**Exercise prompt**
Transcribe word for word the lines below from the line with "Selezionare la casella" through the line with "Digital Sheet Music", ends included.

**Material supplied**

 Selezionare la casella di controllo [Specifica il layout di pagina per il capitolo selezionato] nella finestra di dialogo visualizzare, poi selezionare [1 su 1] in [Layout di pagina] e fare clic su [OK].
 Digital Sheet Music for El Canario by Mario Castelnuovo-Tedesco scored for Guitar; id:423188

---

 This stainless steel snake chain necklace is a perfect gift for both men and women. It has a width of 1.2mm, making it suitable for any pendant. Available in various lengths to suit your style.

**Reply to the exercise**
 Selezionare la casella di controllo [Specifica il layout di pagina per il capitolo selezionato] nella finestra di dialogo visualizzare, poi selezionare [1 su 1] in [Layout di pagina] e fare clic su [OK].
 Digital Sheet Music for El Canario by Mario Castelnuovo-Tedesco scored for Guitar; id:423188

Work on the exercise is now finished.